> **Task details**: From the records below, transcribe only the lines running from the one with "(a) XRD patterns" through the one with "Dotée de deux". Keep both of those end lines.

------ The input

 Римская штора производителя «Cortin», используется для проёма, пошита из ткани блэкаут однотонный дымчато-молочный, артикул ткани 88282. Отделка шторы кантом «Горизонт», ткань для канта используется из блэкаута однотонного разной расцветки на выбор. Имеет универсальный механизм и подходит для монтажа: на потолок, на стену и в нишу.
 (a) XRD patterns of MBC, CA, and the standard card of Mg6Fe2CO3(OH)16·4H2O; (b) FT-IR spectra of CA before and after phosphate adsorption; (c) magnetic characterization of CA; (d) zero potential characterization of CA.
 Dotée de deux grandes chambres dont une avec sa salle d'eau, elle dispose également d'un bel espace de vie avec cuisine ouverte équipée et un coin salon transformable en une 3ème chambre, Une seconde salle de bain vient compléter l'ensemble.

------------
------ The input

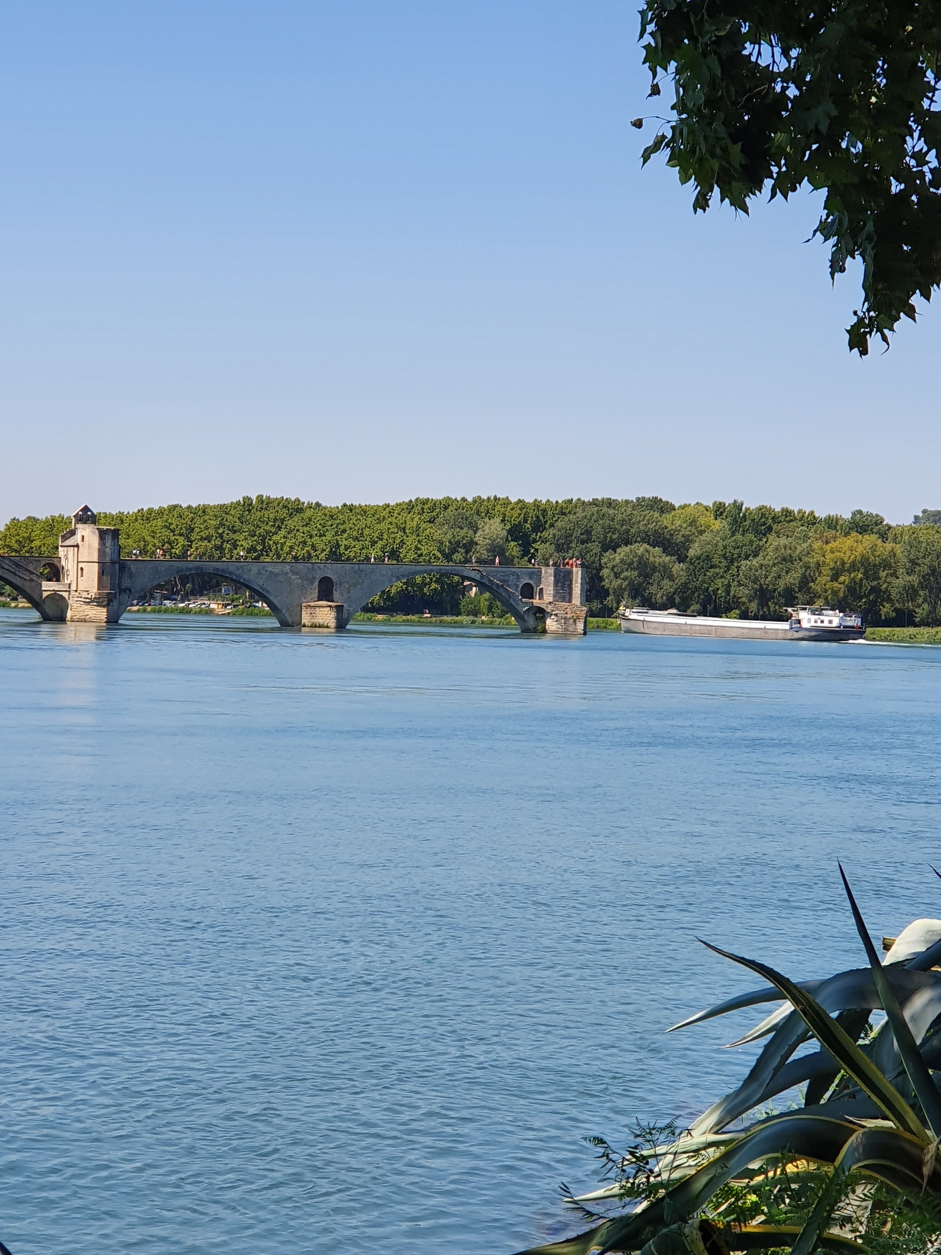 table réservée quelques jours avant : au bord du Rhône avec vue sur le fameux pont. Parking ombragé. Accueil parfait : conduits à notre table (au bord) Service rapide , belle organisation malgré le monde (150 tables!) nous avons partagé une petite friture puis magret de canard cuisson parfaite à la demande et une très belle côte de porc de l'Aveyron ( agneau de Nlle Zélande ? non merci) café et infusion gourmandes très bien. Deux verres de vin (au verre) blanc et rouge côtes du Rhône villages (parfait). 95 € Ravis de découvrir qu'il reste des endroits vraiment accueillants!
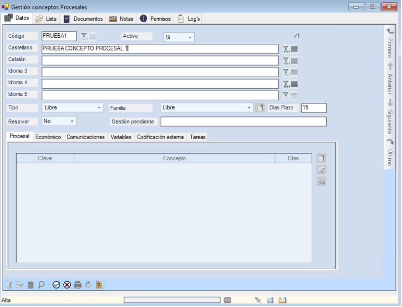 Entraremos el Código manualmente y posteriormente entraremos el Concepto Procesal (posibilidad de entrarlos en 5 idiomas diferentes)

------------

> **Output of the exercise**:
 (a) XRD patterns of MBC, CA, and the standard card of Mg6Fe2CO3(OH)16·4H2O; (b) FT-IR spectra of CA before and after phosphate adsorption; (c) magnetic characterization of CA; (d) zero potential characterization of CA.
 Dotée de deux grandes chambres dont une avec sa salle d'eau, elle dispose également d'un bel espace de vie avec cuisine ouverte équipée et un coin salon transformable en une 3ème chambre, Une seconde salle de bain vient compléter l'ensemble.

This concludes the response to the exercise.